### Work to complete:
Word for word, the records below are to be set down again.

Stored items:
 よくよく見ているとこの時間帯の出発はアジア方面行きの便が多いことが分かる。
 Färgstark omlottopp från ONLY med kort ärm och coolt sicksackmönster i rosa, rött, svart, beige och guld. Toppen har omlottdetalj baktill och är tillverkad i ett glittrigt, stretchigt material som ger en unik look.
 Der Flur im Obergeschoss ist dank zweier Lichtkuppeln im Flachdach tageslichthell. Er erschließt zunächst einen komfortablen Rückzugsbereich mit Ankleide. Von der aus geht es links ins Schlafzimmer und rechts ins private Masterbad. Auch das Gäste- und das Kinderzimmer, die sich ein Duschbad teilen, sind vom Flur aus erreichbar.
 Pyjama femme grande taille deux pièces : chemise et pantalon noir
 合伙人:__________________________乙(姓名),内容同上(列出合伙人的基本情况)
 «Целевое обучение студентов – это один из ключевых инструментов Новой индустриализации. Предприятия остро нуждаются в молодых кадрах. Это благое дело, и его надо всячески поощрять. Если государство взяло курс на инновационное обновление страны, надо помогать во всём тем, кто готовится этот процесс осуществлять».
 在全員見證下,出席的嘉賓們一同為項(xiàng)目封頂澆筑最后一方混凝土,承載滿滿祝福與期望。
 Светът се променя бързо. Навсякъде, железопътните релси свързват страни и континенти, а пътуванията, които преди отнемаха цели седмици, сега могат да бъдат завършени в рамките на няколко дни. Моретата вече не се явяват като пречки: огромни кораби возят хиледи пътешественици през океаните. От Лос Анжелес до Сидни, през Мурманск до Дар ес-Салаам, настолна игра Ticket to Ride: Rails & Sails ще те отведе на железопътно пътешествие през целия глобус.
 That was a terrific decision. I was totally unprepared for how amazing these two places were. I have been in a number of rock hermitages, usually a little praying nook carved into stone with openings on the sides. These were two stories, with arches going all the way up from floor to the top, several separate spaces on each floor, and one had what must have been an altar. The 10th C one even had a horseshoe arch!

### Exercise answer:
 よくよく見ているとこの時間帯の出発はアジア方面行きの便が多いことが分かる。
 Färgstark omlottopp från ONLY med kort ärm och coolt sicksackmönster i rosa, rött, svart, beige och guld. Toppen har omlottdetalj baktill och är tillverkad i ett glittrigt, stretchigt material som ger en unik look.
 Der Flur im Obergeschoss ist dank zweier Lichtkuppeln im Flachdach tageslichthell. Er erschließt zunächst einen komfortablen Rückzugsbereich mit Ankleide. Von der aus geht es links ins Schlafzimmer und rechts ins private Masterbad. Auch das Gäste- und das Kinderzimmer, die sich ein Duschbad teilen, sind vom Flur aus erreichbar.
 Pyjama femme grande taille deux pièces : chemise et pantalon noir
 合伙人:__________________________乙(姓名),内容同上(列出合伙人的基本情况)
 «Целевое обучение студентов – это один из ключевых инструментов Новой индустриализации. Предприятия остро нуждаются в молодых кадрах. Это благое дело, и его надо всячески поощрять. Если государство взяло курс на инновационное обновление страны, надо помогать во всём тем, кто готовится этот процесс осуществлять».
 在全員見證下,出席的嘉賓們一同為項(xiàng)目封頂澆筑最后一方混凝土,承載滿滿祝福與期望。
 Светът се променя бързо. Навсякъде, железопътните релси свързват страни и континенти, а пътуванията, които преди отнемаха цели седмици, сега могат да бъдат завършени в рамките на няколко дни. Моретата вече не се явяват като пречки: огромни кораби возят хиледи пътешественици през океаните. От Лос Анжелес до Сидни, през Мурманск до Дар ес-Салаам, настолна игра Ticket to Ride: Rails & Sails ще те отведе на железопътно пътешествие през целия глобус.
 That was a terrific decision. I was totally unprepared for how amazing these two places were. I have been in a number of rock hermitages, usually a little praying nook carved into stone with openings on the sides. These were two stories, with arches going all the way up from floor to the top, several separate spaces on each floor, and one had what must have been an altar. The 10th C one even had a horseshoe arch!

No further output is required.